**To do:** The required answer is a copy of each line in the entries below that includes "ракеты".

**Data:**
★ ★ ★

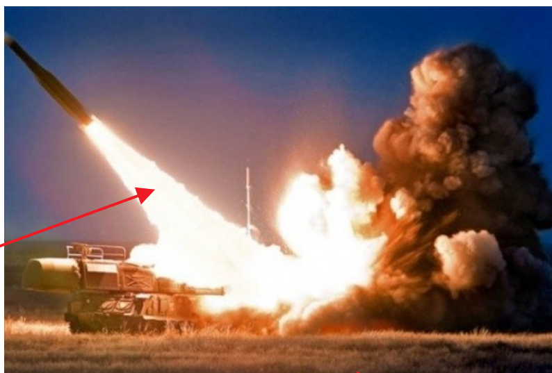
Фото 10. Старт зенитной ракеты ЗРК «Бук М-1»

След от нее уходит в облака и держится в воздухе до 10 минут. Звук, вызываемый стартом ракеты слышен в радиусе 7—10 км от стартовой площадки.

★ ★ ★

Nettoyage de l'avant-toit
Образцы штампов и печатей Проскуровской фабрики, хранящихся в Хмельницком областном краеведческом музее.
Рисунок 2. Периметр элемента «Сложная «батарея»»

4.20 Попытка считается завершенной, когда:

★ ★ ★

**Finished exercise:**
Фото 10. Старт зенитной ракеты ЗРК «Бук М-1»
След от нее уходит в облака и держится в воздухе до 10 минут. Звук, вызываемый стартом ракеты слышен в радиусе 7—10 км от стартовой площадки.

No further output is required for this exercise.